- _Assignment_: In the listing below, the lines starting at the line with "Pierwsze jednostki, które" and ending at the line with "Sergio Blanco is" are to be output verbatim. Images stay out of the copy.

- _Data provided_:
══════
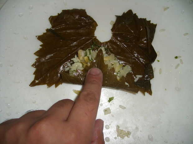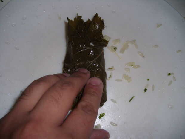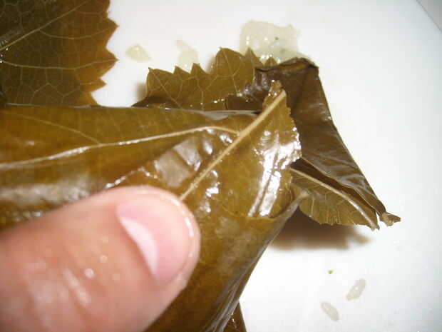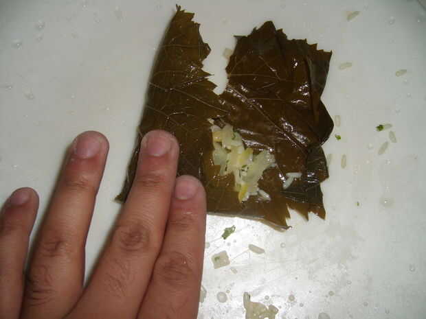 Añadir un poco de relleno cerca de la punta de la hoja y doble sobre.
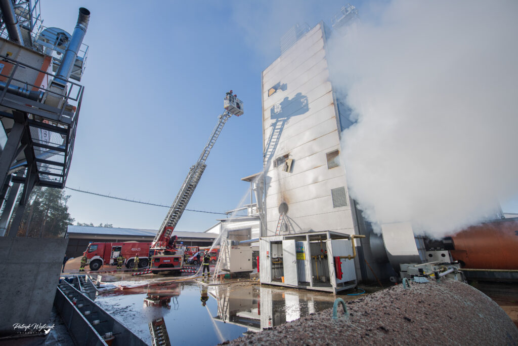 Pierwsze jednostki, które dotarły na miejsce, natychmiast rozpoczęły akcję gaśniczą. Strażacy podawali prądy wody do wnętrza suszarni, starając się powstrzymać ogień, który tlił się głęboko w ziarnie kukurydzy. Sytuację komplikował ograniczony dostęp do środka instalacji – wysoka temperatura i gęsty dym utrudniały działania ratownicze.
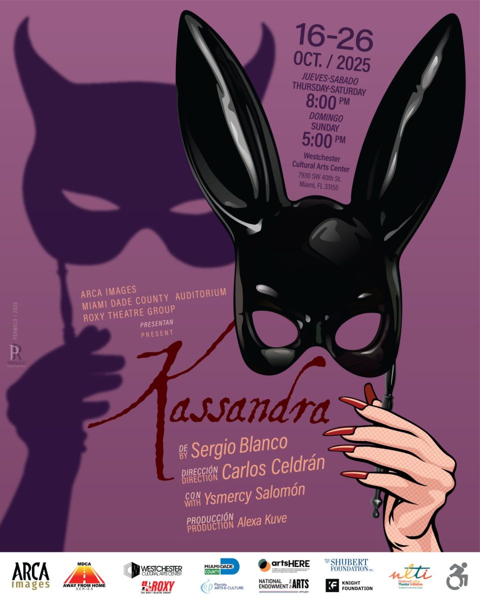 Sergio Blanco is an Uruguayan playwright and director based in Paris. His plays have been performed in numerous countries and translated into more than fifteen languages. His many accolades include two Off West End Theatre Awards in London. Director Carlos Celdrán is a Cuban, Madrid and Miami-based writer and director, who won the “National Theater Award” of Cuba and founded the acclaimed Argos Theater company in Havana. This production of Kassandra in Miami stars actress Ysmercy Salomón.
══════
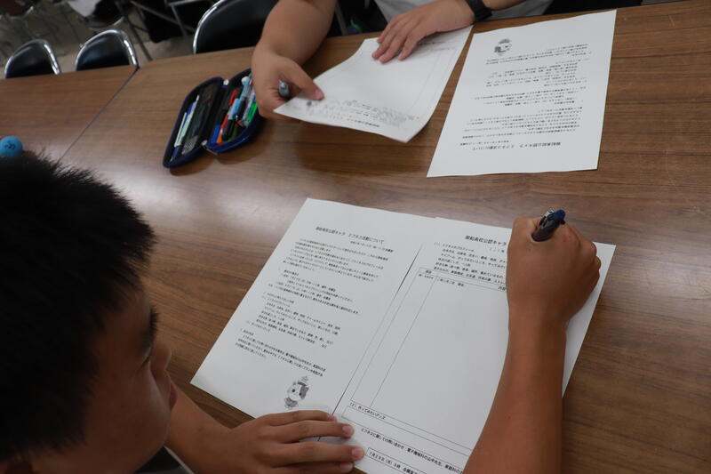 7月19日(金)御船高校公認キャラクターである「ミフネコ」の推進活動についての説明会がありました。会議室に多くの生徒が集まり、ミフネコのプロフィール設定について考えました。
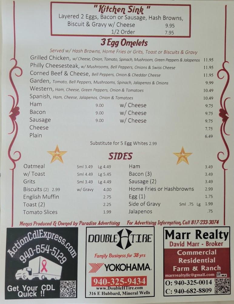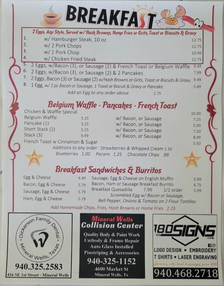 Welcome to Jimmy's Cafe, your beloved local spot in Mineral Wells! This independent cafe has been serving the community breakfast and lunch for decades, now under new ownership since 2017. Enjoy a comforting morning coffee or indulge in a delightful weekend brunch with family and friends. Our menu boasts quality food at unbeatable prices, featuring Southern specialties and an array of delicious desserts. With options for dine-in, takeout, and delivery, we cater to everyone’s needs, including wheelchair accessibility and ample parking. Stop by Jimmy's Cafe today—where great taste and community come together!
══════
- _Response_:
 Pierwsze jednostki, które dotarły na miejsce, natychmiast rozpoczęły akcję gaśniczą. Strażacy podawali prądy wody do wnętrza suszarni, starając się powstrzymać ogień, który tlił się głęboko w ziarnie kukurydzy. Sytuację komplikował ograniczony dostęp do środka instalacji – wysoka temperatura i gęsty dym utrudniały działania ratownicze.
 Sergio Blanco is an Uruguayan playwright and director based in Paris. His plays have been performed in numerous countries and translated into more than fifteen languages. His many accolades include two Off West End Theatre Awards in London. Director Carlos Celdrán is a Cuban, Madrid and Miami-based writer and director, who won the “National Theater Award” of Cuba and founded the acclaimed Argos Theater company in Havana. This production of Kassandra in Miami stars actress Ysmercy Salomón.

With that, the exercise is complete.